Michaël: Like on what?

Irina: On humans. They’re much more dangerous.

Michaël: But what about humans plus AI?

Irina: Humans using AIs specifically as weapons, but that’s not their AI x-risk. It’s humans empowered by new weapons. It’s still humans.

Michaël: Like drones.

Irina: Drones or any kind of automated systems that aim at disruption of the enemy.

Michaël: You are saying that your probably of unity winning extinct because of advanced AI systems is less than 1% because the other 99% is like there’s a large fraction that is-

Irina: Okay, I separated the probability of going extinct due to purely AI issues versus AI being used by humans.

Michaël: And so was the total probability.

Irina: Oh well basically what’s a total probability that people finally managed to destroy themselves.

Michaël: Before-

Irina: That’s quite high.

Michaël: Before you die? Is it more than 50%?

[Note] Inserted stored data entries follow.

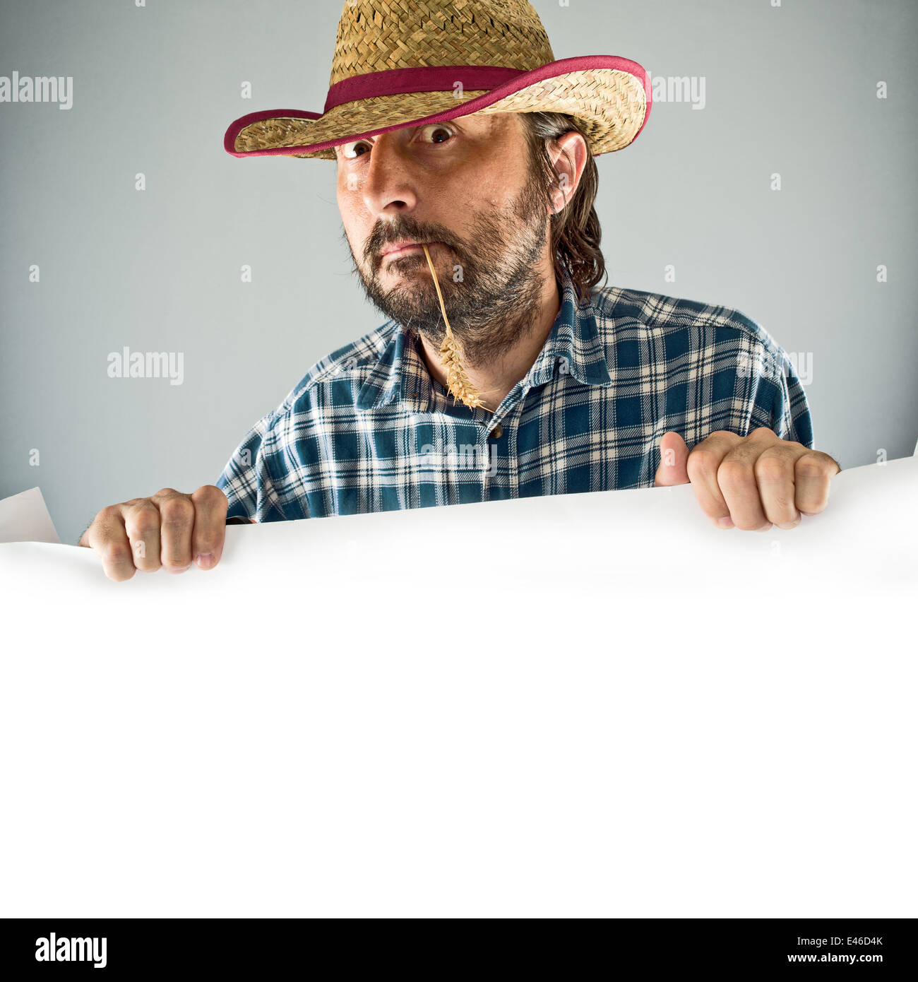 Contadino Con Cowboy Cappello Di Paglia Azienda Poster Vuoto Come Spazio Di Copia Foto Stock Alamy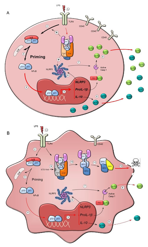 Figure 6 illustrates a proposed mechanism based on our observations alongside well-established concepts in the literature. In human primary monocytes, the activation of TLR receptors leads to the expression of NF-kB-responsive genes such as IL-1β and IL-10. Our data suggests that the activation of caspase-8 alongside ripoptosome assembly takes place in response to TLR4 activation. Furthermore, it highlights the possibility that caspase-8 might have a role in the priming and activation of monocytes. The data shown here contributes to a growing body of literature about the importance of caspase-8 in the pro-inflammatory activation of microglia [21, 22], macrophages [52] and now monocytes. We propose that under caspase-8 inhibition, two events take place: i) necroptotic death of active monocytes, ii) a significant reduction in the release of interleukins involved in SIRS like IL-1β and IL-10. Furthermore, as stated above, given the essential role of the NLRP3 inflammasome in pro-IL1β processing and subsequent release, we anticipate an important role of caspase-8 in NLRP3 assembly within activated monocytes.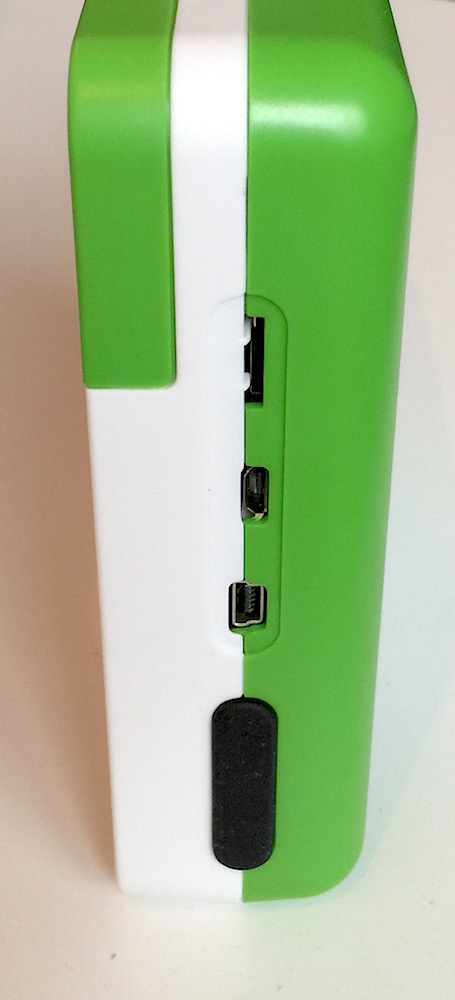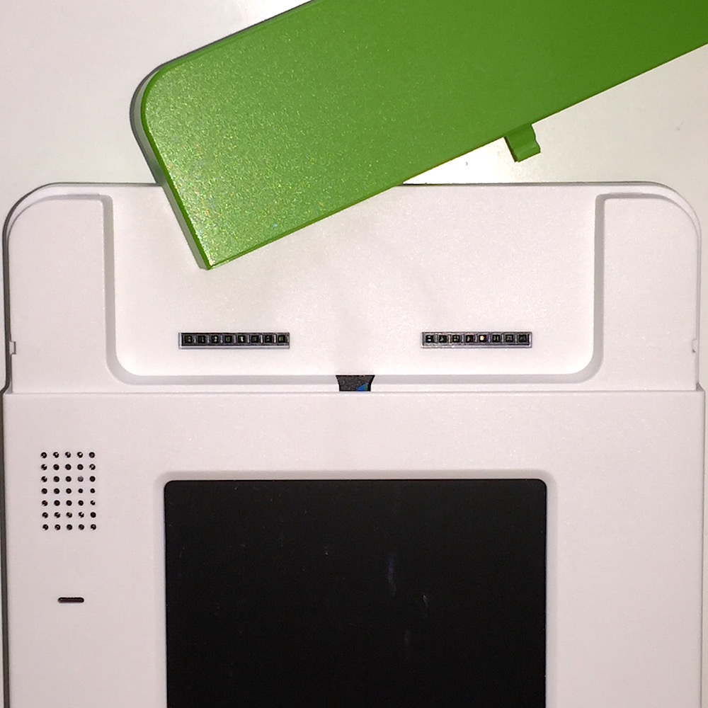 ◀左右の穴は、電源ボタンのすぐ下にはめ込まれた2本の白い棒を外して差し込むことで筐体を傾けて利用したり、別の機器のコントローラー的に利用する際の固定に使うためのものだ。(クリックで拡大)

Irina: Oh, okay. Let’s not go into discussion longevity. Because-

Irina: Maybe I merge with AGI and will live forever. Okay, just kidding. Or maybe not, but boy, this question about putting probabilities on the tail of the distribution events is very interesting. Anyway, I would say I’m optimistic less than 20%.

Michaël: Less 20% percent. So do you remember the AGI graph where there’s like AGI good AGI bad? I think a better way is will AI Alignment be hard or easy? And then there’s, will scale all you need or not all you need. So are you on the top right with Sam Altman?

Irina: I’m closer, maybe I’m not as enthusiastic.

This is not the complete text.